A BLAZE which engulfed a contractors' lorry on a school site caused serious heat damage to a car and boat owned by the headteacher.The alarm was raised at Framlingham College after black smoke was seen pouring from an 18-tonne goods vehicle owned by a sand-blasting firm called Ripblast and Company, working in the crypt of the school's chapel.

By David Green

A BLAZE which engulfed a contractors' lorry on a school site caused serious heat damage to a car and boat owned by the headteacher.

The alarm was raised at Framlingham College after black smoke was seen pouring from an 18-tonne goods vehicle owned by a sand-blasting firm called Ripblast and Company, working in the crypt of the school's chapel.

Explosions - from compressed air cylinders on the lorry - were heard as staff and contractors quickly evacuated themselves from the school buildings.

No pupils were in the school because the Easter holidays have already started.

A fire crew from Framlingham was quickly on the scene and, with the help of firefighters from Debenham, who arrived soon afterwards, the blaze was quickly put out.

However, the lorry and its equipment was destroyed and the heat of the furnace seriously damaged two cars and a boat on a trailer, parked nearby.

One of the cars and the boat and trailer were owned by the school head, Gwen Randall.

Mrs Randall said “There was black smoke and then the explosions.

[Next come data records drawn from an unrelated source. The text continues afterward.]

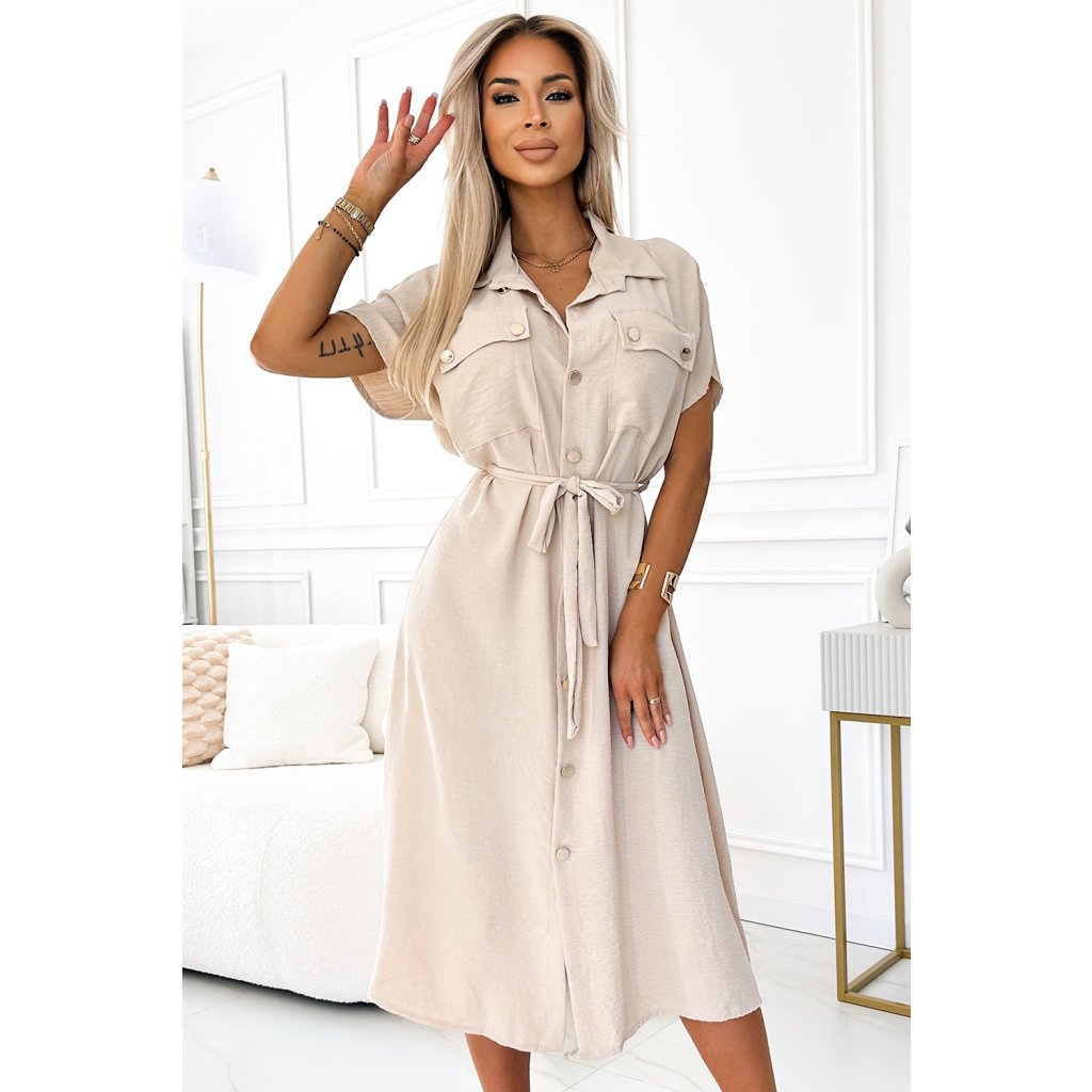 Béžové košeľové šaty so zlatými gombíkmi, zaväzovaním v páse a krátkymi rukávmi. Základná značka Numoco. európska produkcia.
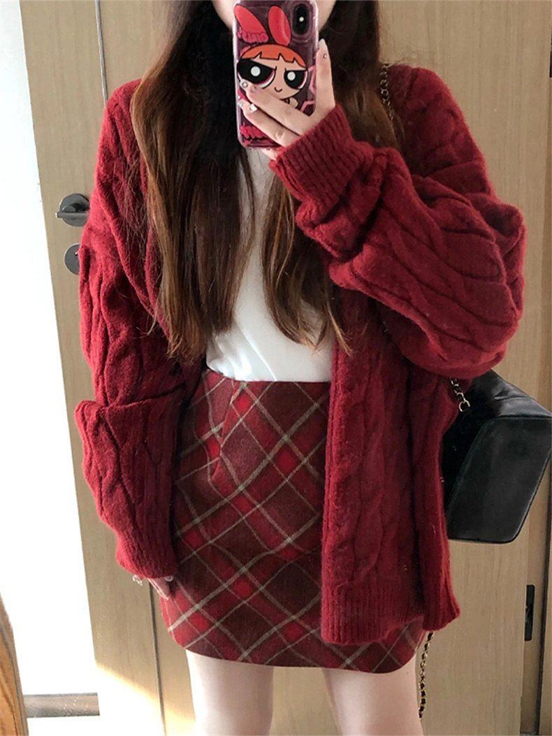 慵懶風過年新年紅色毛衣外套女秋冬季2025新款高級感針織開衫上衣
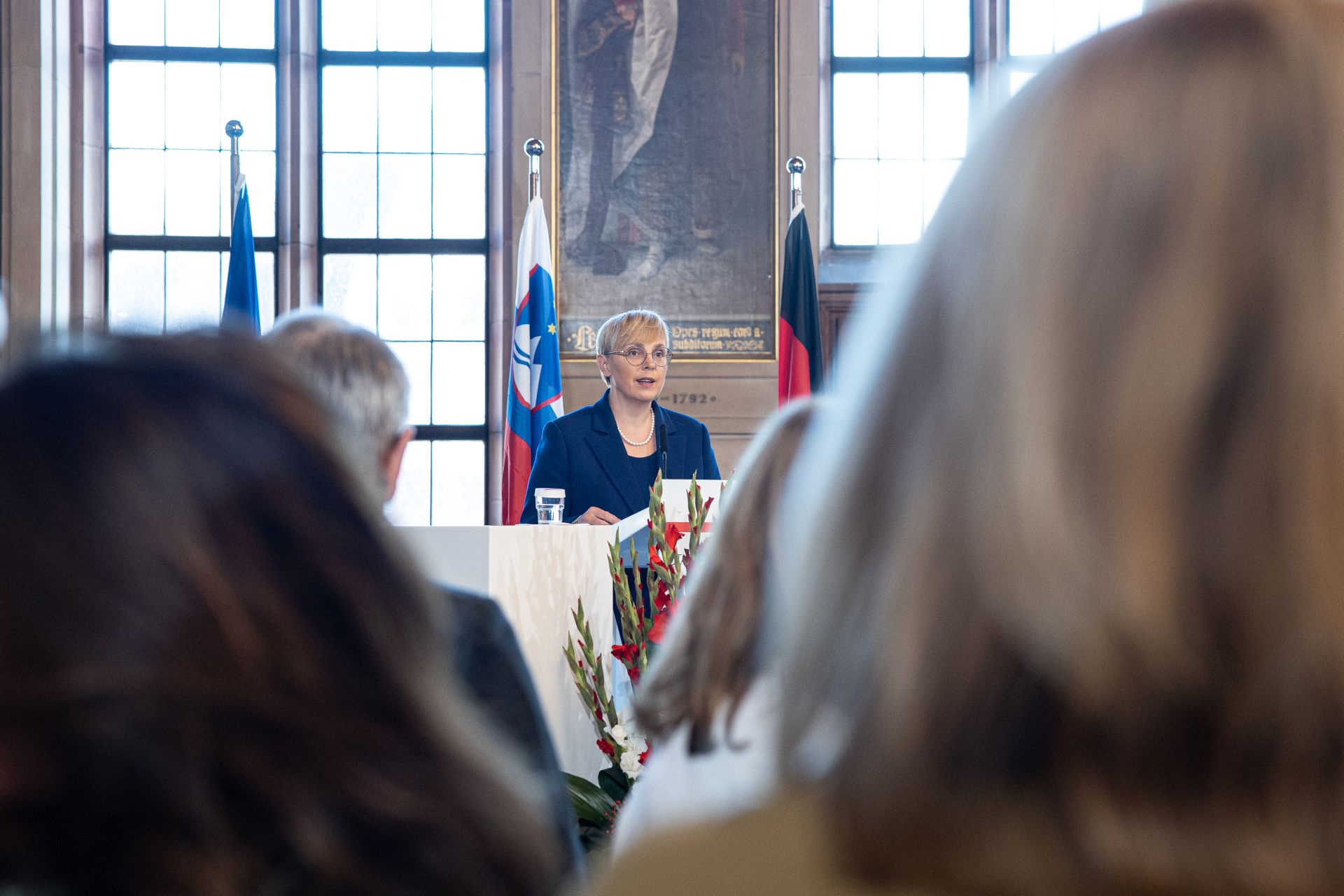 “Hungry man, reach for the book: it is a weapon,” the President recalled the words of Bertolt Brecht and concluded her speech by saying: “As a mother and as a woman, I want children, not only in Germany or Slovenia, but also in Israel and Palestine, to have this opportunity.”
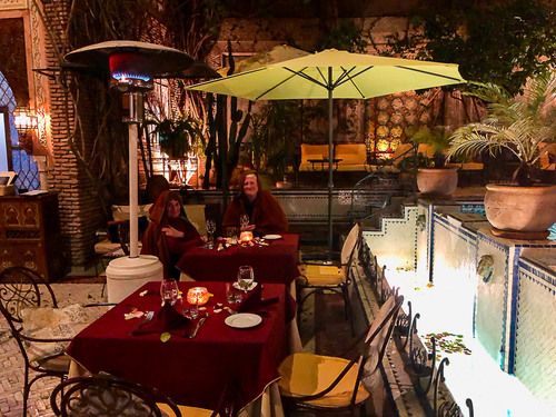 Our dinner the first night in Marrakech was in the outdoor courtyard of the Palais Sebban. It was super cold. We were given monk like robes to ward off the cold. Chris had chicken with seffa (some type of spaghetti). Bob had couscous with chicken.
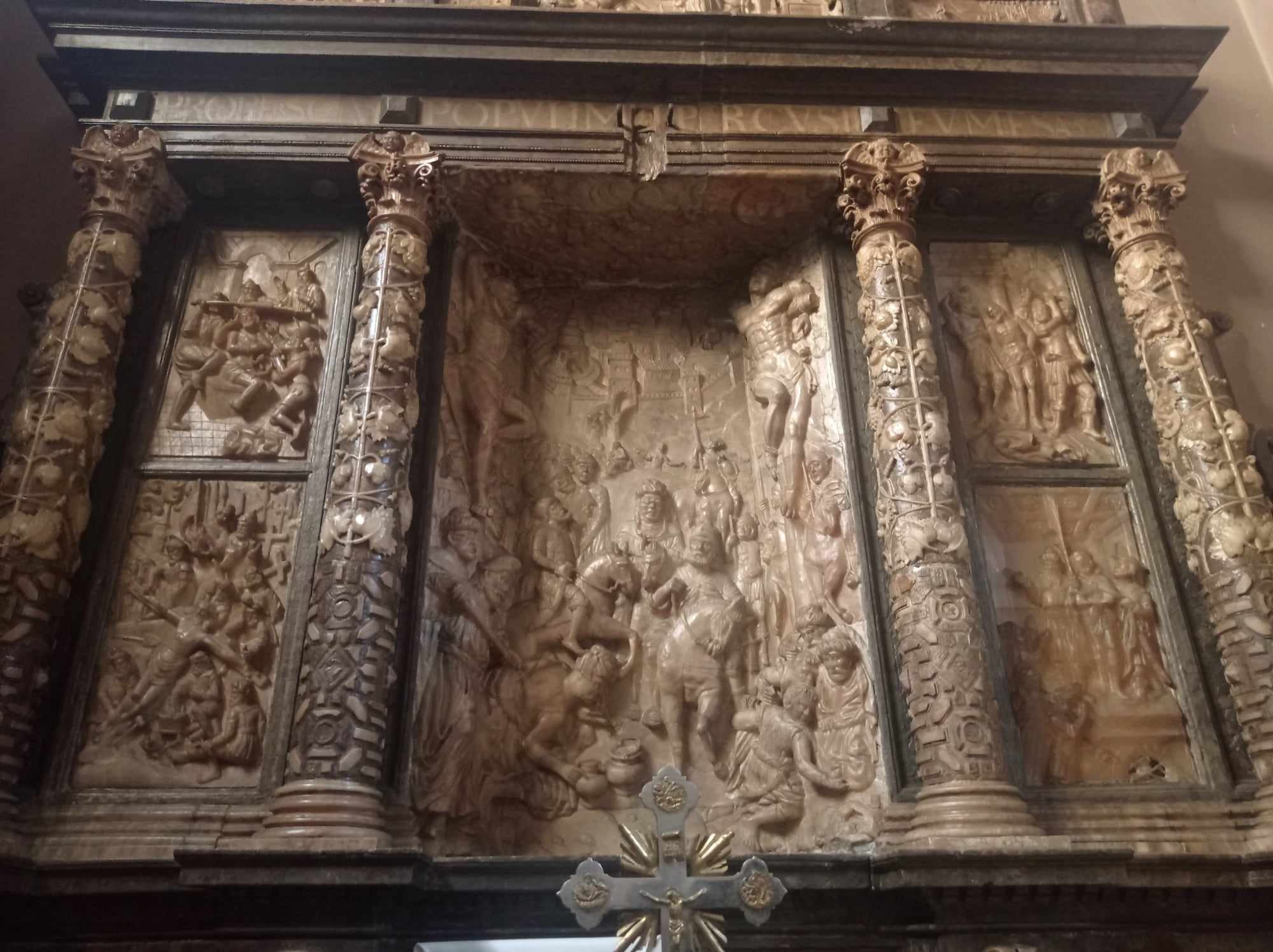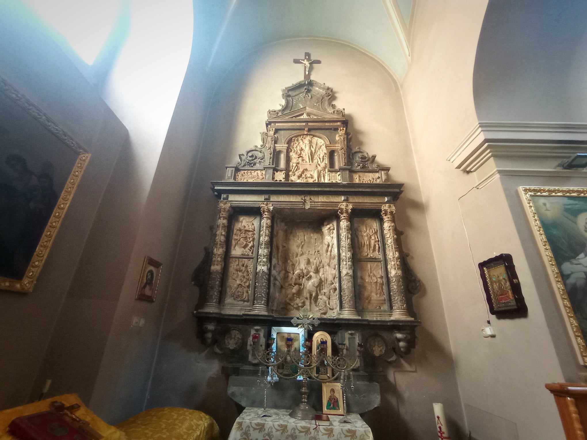 Особливу увагу привертає алебастровий вівтар Страстей Христових 1599 року, відомий як вівтар Шольц-Вольфовича. У храмі він розміщений ліворуч від Святилища. Бароковий вівтар було свого часу перенесено до цього храму як дар із костелу єзуїтів. Цікава річ, на яку звертають увагу деякі дослідники, начебто в центрі вівтаря серед картин Господніх Страстей зображено персонажа в окулярах. Це риса, притаманна бароковому мистецтву – накладання сучасних реалій на історичні події.
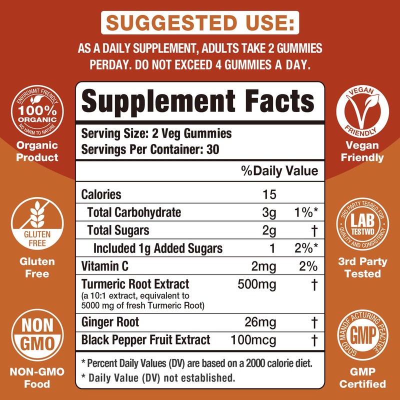 - CONVENIENT TO CARRY AND EAT: Individually wrapped design makes this curcumin gummies a great companion anywhere you go. Whether you are traveling, between jobs or at a casual gathering, it can easily satisfy your health cravings. A single gummy can bring you full of energy and vitality.
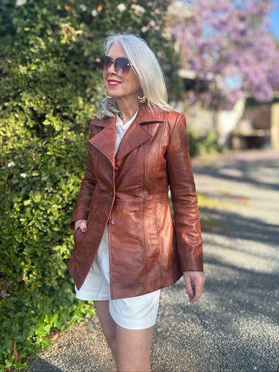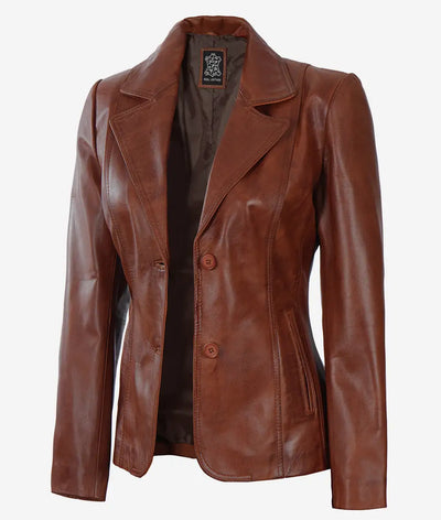 Women's Two Button Tan Brown Leather Blazer Jacket

It was quite frightening.

“Fortunately, the wind took the flames away from the chapel itself.”

However, there had been “collateral damage” to her car and her boat which was on a trailer. The car of another member of staff had also suffered heat damage.

“However, no-one was hurt and all evacuation procedures were followed correctly.”

Mrs Randall said the boat, used for leisure trips up the River Deben, was worth about £2,000.

“It looks as if it has melted. I doubt if it will ever float again,” she added. Insurance assessors were due at the school to inspect all the damage and the cause of the fire was being investigated.

A Suffolk Fire Service spokeswoman said: “When we arrived on the scene we found the lorry heavily engulfed in flames.”

Contractors are working in the crypt of the school's chapel in order to convert the area into a sixth form centre.

When yesterday's blaze broke out they were sand-blasting the walls of the crypt.

Justin Ripley, a director of Ripblast, based at Snetterton, Norfolk, visited the scene and said later that damage was expected to be between £40,000 and £50,000.

“It got so hot that the Tarmac melted on the ground under the lorry,” he said.

A faulty starter-motor in one of the compressed air generators used to operate the sand-blasting equipment was the cause of the fire, he added.